Other clostridia responsible for serious infections include C. tetani, the agent of tetanus, and C. perfringens, which causes gas gangrene. In both cases, the infection starts in necrotic tissue (dead tissue that is not supplied with oxygen by blood circulation). This is the reason that deep puncture wounds are associated with tetanus. When tissue death is accompanied by lack of circulation, gangrene is always a danger.

The study of obligate anaerobes requires special equipment. Obligate anaerobic bacteria must be grown under conditions devoid of oxygen. The most common approach is culture in an anaerobic jar (Figure (PageIndex{3})). Anaerobic jars include chemical packs that remove oxygen and release carbon dioxide (CO2). An anaerobic chamber is an enclosed box from which all oxygen is removed. Gloves sealed to openings in the box allow handling of the cultures without exposing the culture to air (Figure (PageIndex{3})).

Staphylococci and Enterobacteriaceae are examples of facultative anaerobes. Staphylococci are found on the skin and upper respiratory tract. Enterobacteriaceae are found primarily in the gut and upper respiratory tract but can sometimes spread to the urinary tract, where they are capable of causing infections. It is not unusual to see mixed bacterial infections in which the facultative anaerobes use up the oxygen, creating an environment for the obligate anaerobes to flourish.

Examples of aerotolerant anaerobes include lactobacilli and streptococci, both found in the oral microbiota.
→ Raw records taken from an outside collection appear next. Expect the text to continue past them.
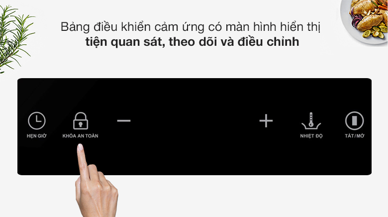 Bảng điều khiển cảm ứng có màn hình hiển thị tiện quan sát, theo dõi và điều chỉnh theo từng công thức nấu
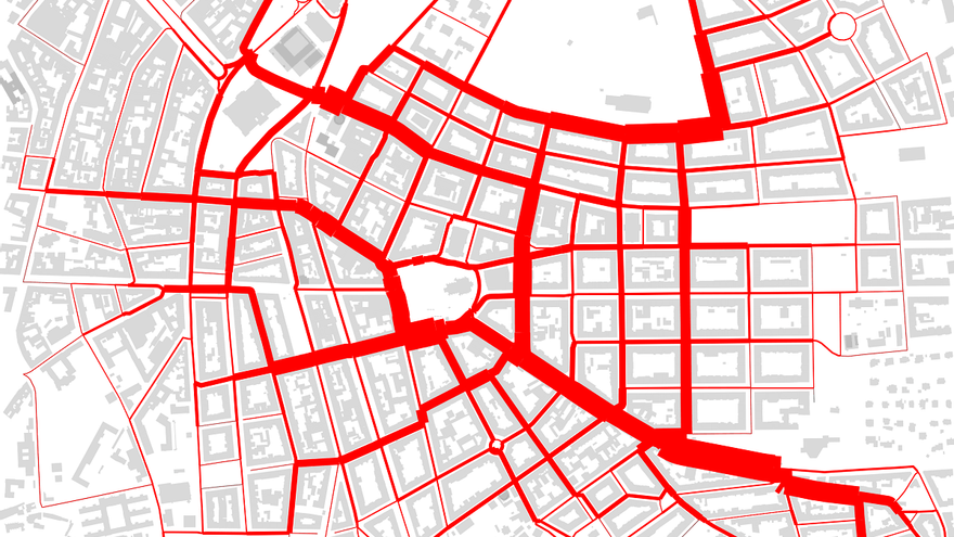 Una simulación de 1000 recorridos aleatorios en la ciudad de Praga. // Ed Manley.
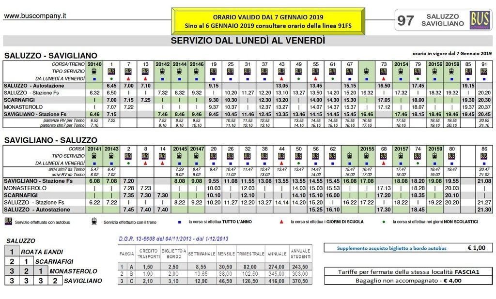 Recandosi presso gli uffici del centro servizi BusCompany di Saluzzo, in via Circonvallazione 19, si potrà ottenere un abbonamento mensile “Granda bus” valido per il mese di gennaio sulla tratta Saluzzo-Savigliano e utilizzabile anche per i treni della stessa tratta.
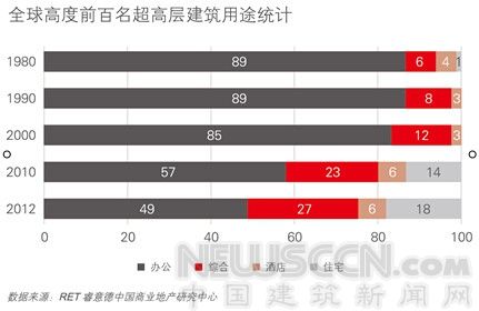 全球高度前面名超高层建筑用途统计
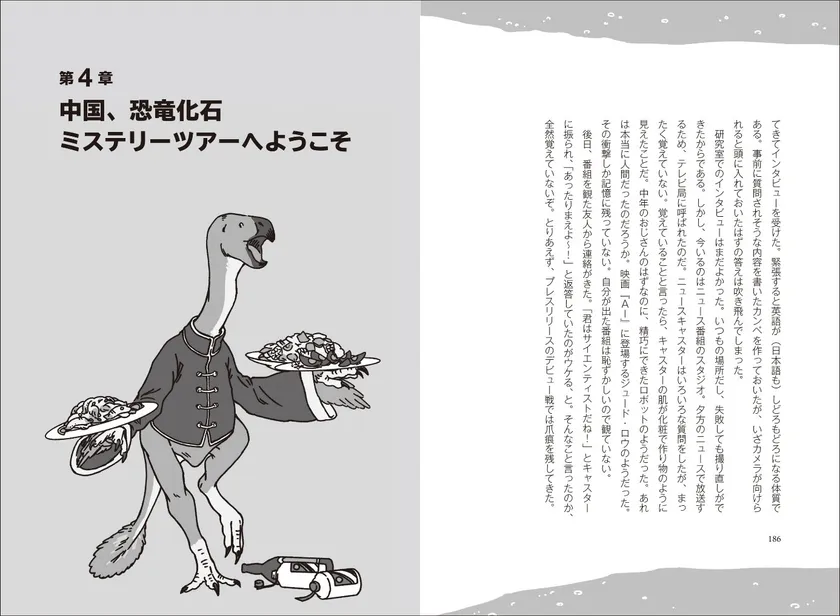 「第4章 中国、恐竜化石ミステリーツアーへようこそ」より。中国のモーレツ恐竜学者、ジュンチャン・ルー博士と卵化石の調査に奔走する
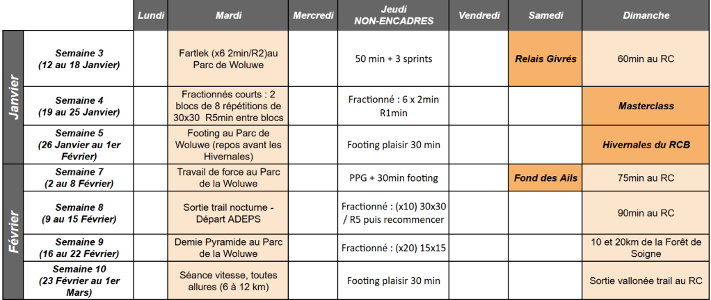 Les entraînements de la semaine sont pensés pour équilibrer progression et plaisir.
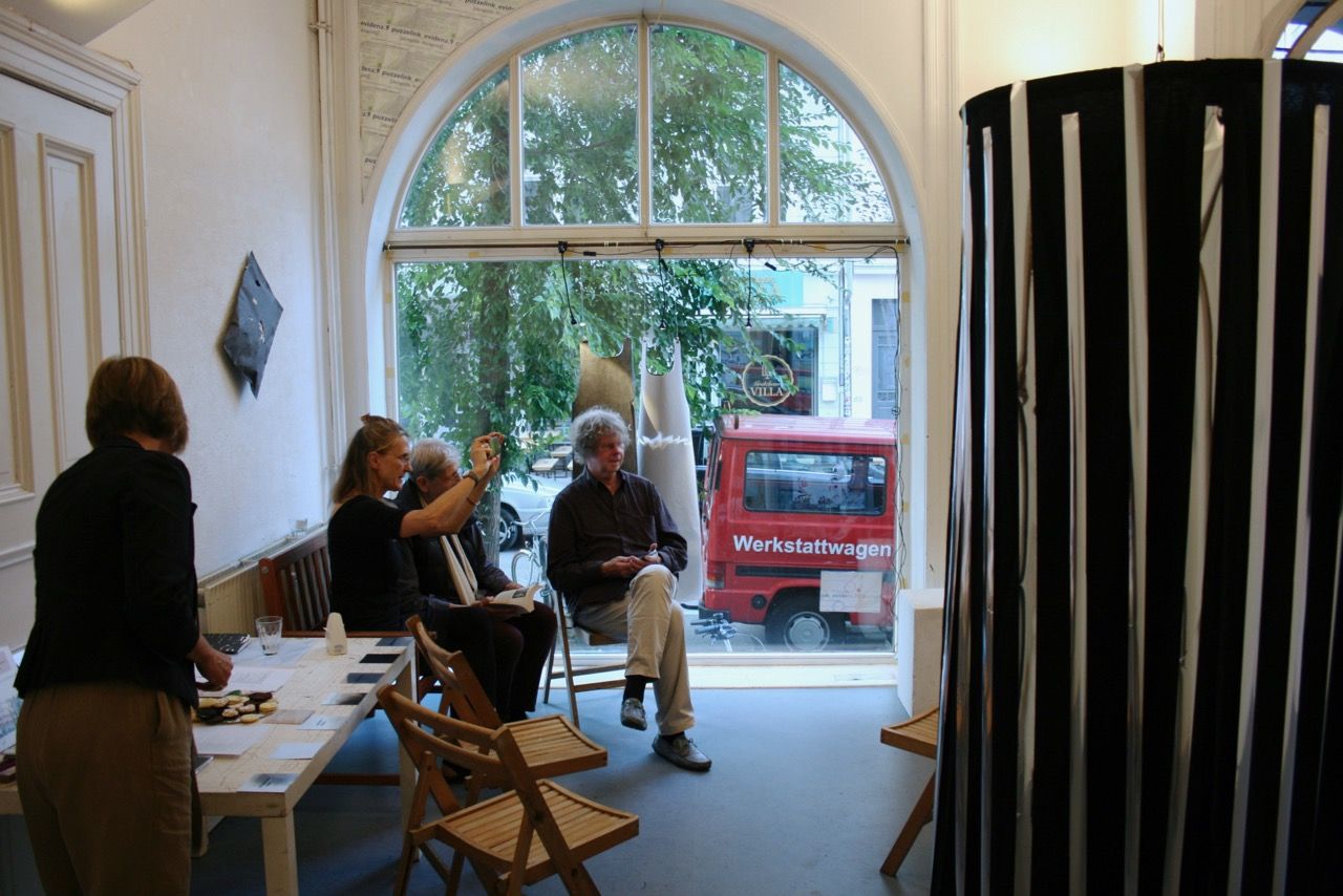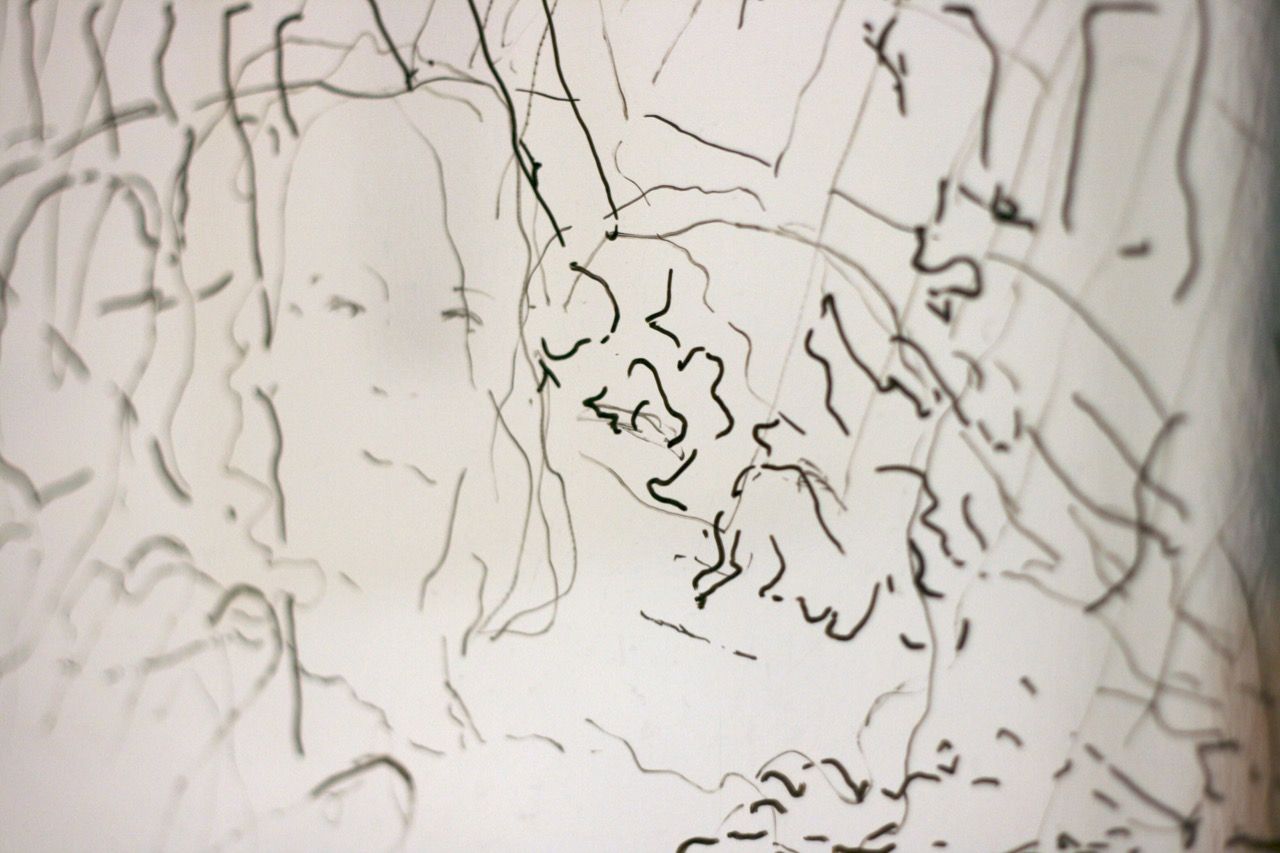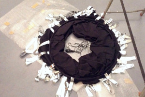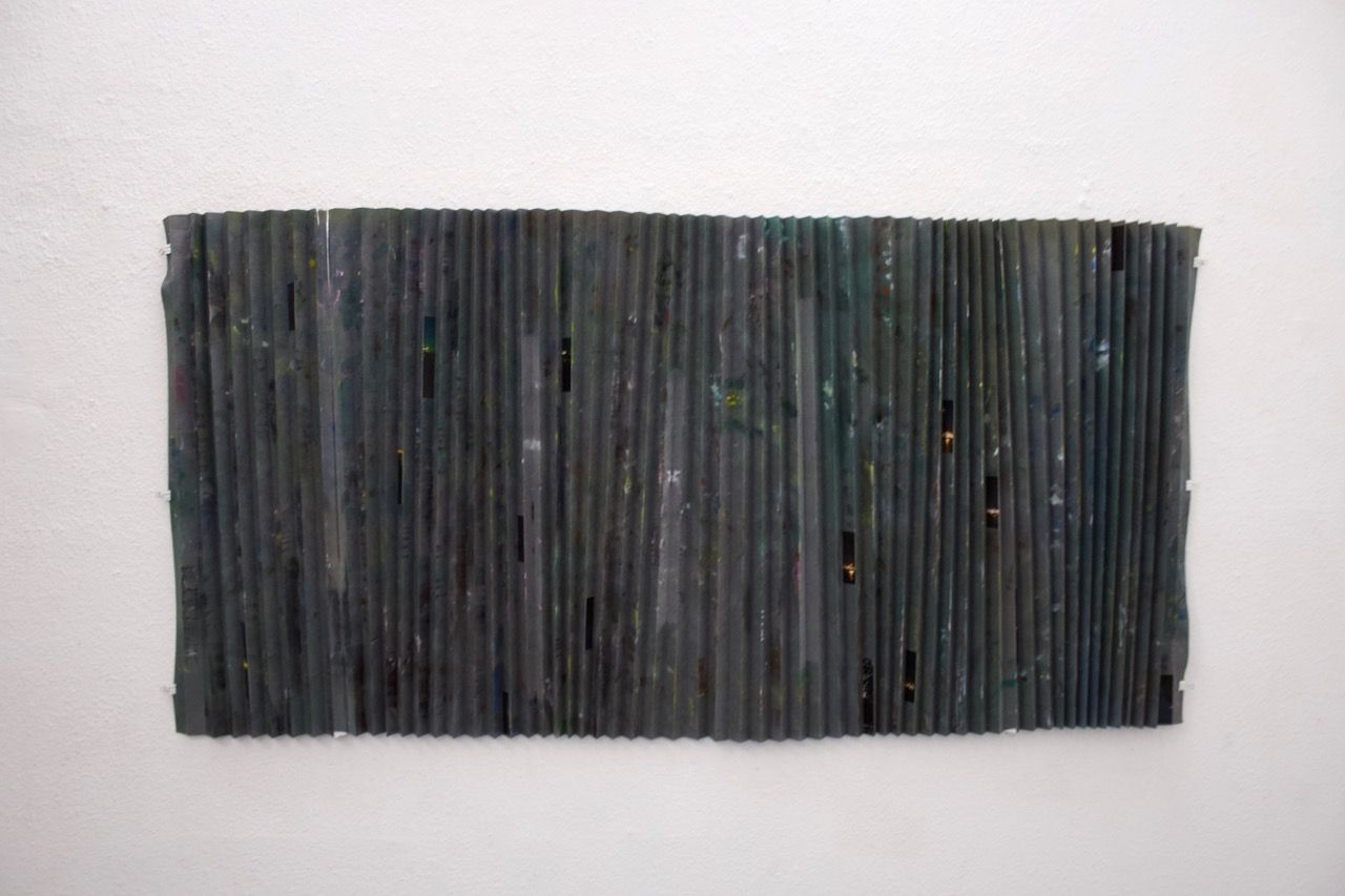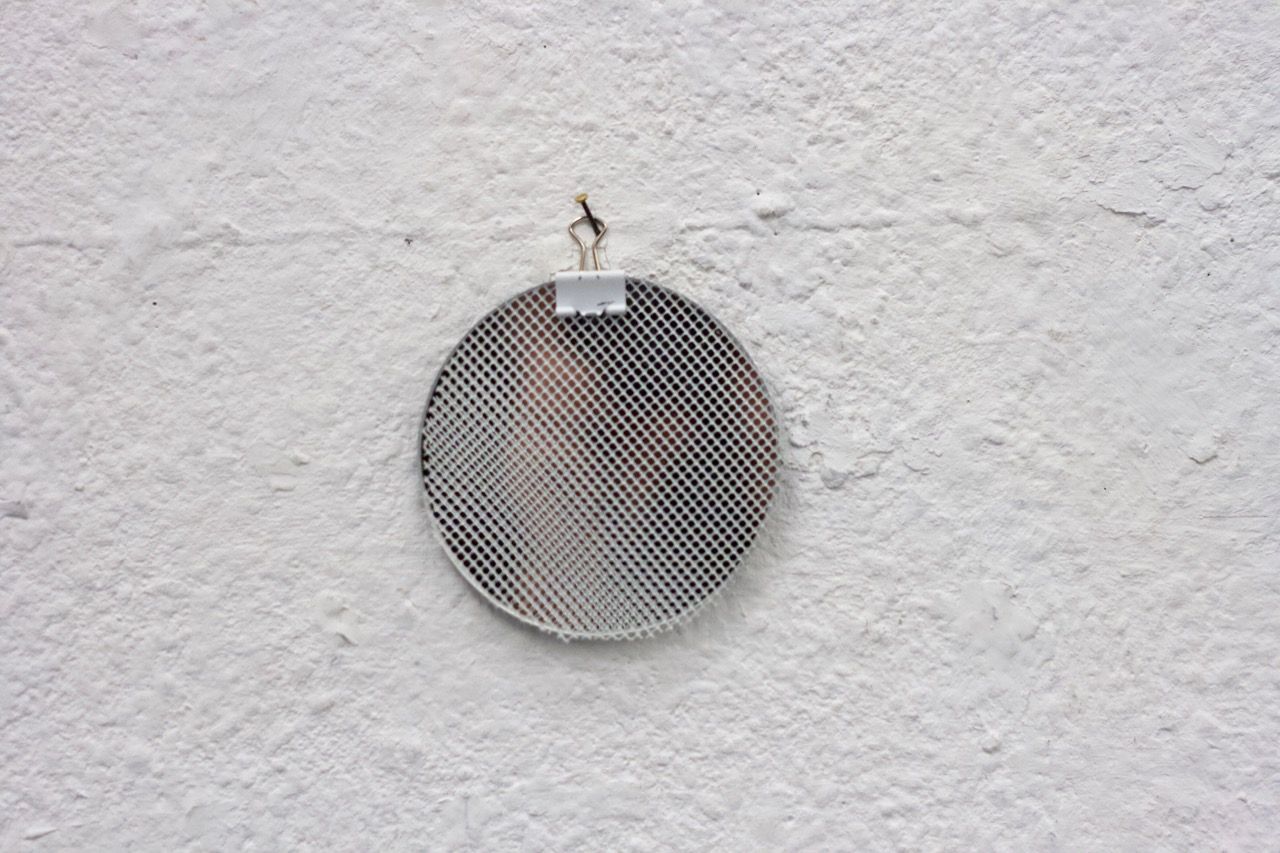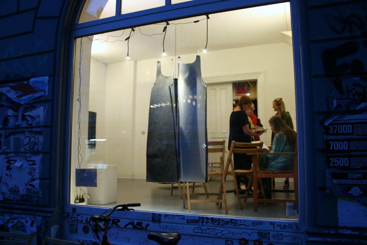 Ein kleiner Bereich in der Mitte des Raums bleibt dunkel umhüllt. Unebene Spiegelstreifen erfassen die Bewegung vom Betrachter vielfältig. Bruchstückhaft und temporär erscheinen Farben der Umgebung und verbinden sich mit jeder Bewegung der Betrachter. Heilwig Jacob
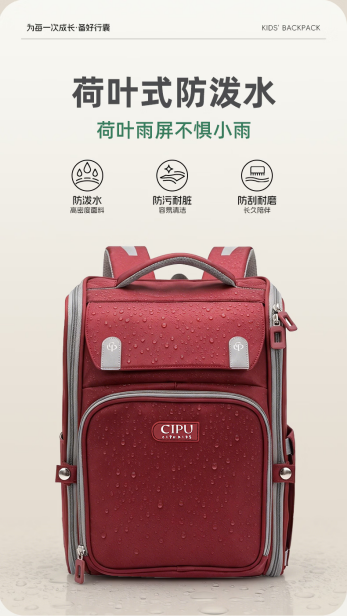 不仅如此,CIPU书包采用荷叶式防泼水面料,具备防污、耐刮、易清洁特性,雨天出行更安心;内部设有前置文具袋、暗磁插袋、多层分区收纳,满足日常学习需求。
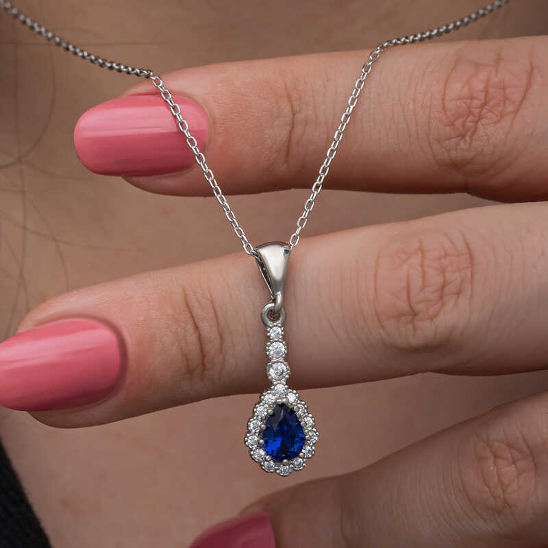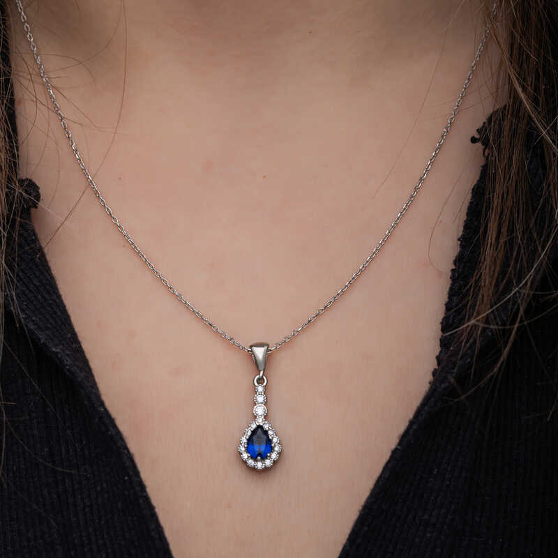 Gümüş Mavi Damla Zirkon Taşlı Kadın Kolye
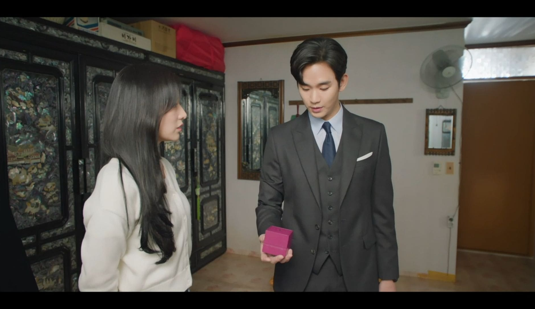 출근을 한 줄 알았던 현우가 반지를 가지러 들어오고
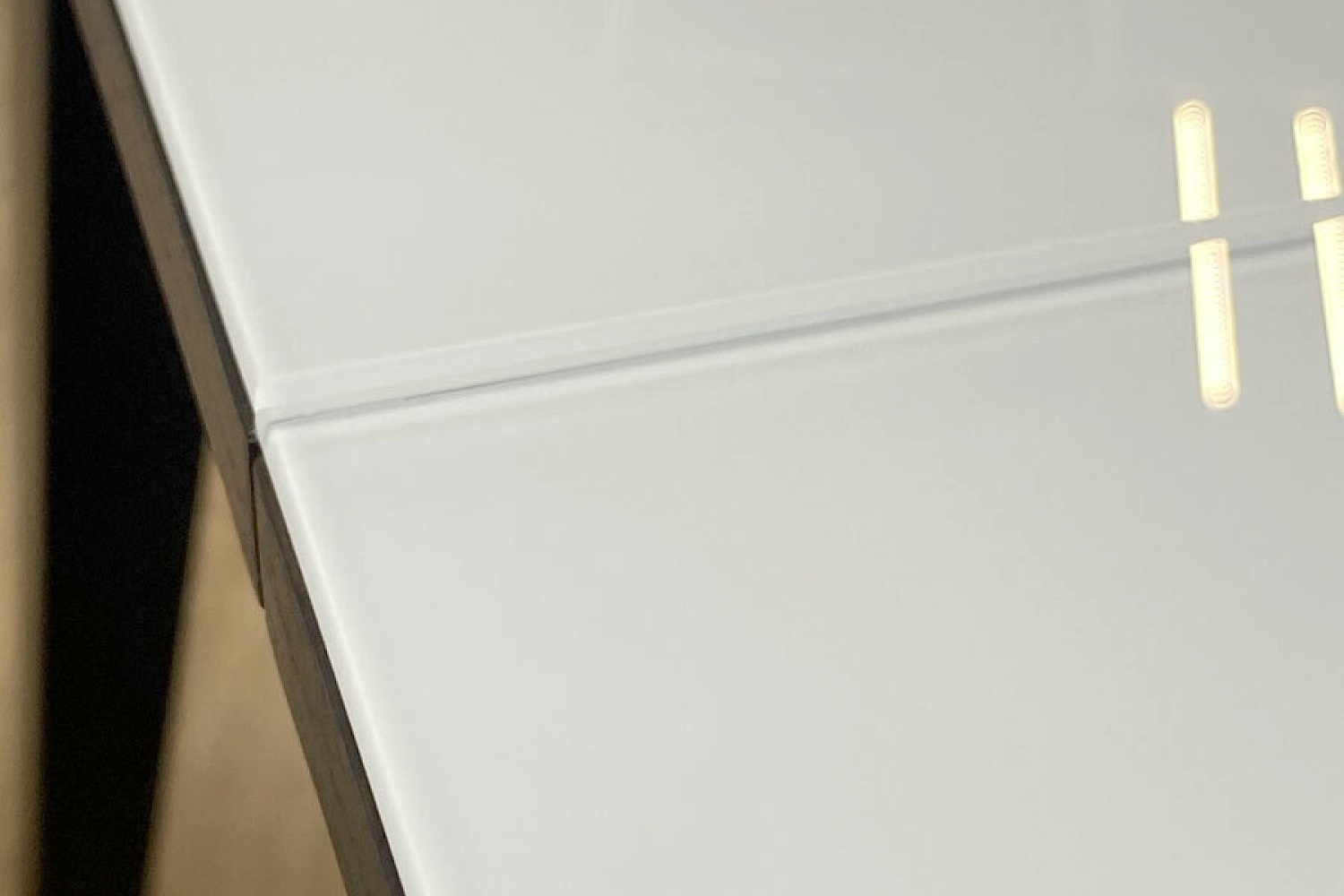 Столешница из стекла надежно защищает стол от влаги и горячего. Для данного стола применяется дорогое, просветленное стекло optiwhite которое передает чистый, яркий цвет без зеленого бутылочного оттенка. Стекло надежно крепится к подложке из ЛДСП на герметик, распределенный по всей поверхности столешницы.

Campylobacter jejuni, which causes gastrointestinal infections, is an example of a microaerophile and is grown under low-oxygen conditions.

The optimum oxygen concentration, as the name implies, is the ideal concentration of oxygen for a particular microorganism. The lowest concentration of oxygen that allows growth is called the minimum permissive oxygen concentration. The highest tolerated concentration of oxygen is the maximum permissive oxygen concentration. The organism will not grow outside the range of oxygen levels found between the minimum and maximum permissive oxygen concentrations.

Exercise (PageIndex{1})

  1. Would you expect the oldest bacterial lineages to be aerobic or anaerobic?
  2. Which bacteria grow at the top of a thioglycolate tube, and which grow at the bottom of the tube?

An Unwelcome Anaerobe

Charles is a retired bus driver who developed type 2 diabetes over 10 years ago. Since his retirement, his lifestyle has become very sedentary and he has put on a substantial amount of weight. Although he has felt tingling and numbness in his left foot for a while, he has not been worried because he thought his foot was simply “falling asleep.” Recently, a scratch on his foot does not seem to be healing and is becoming increasingly ugly. Because the sore did not bother him much, Charles figured it could not be serious until his daughter noticed a purplish discoloration spreading on the skin and oozing (Figure). When he was finally seen by his physician, Charles was rushed to the operating room. His open sore, or ulcer, is the result of a diabetic foot.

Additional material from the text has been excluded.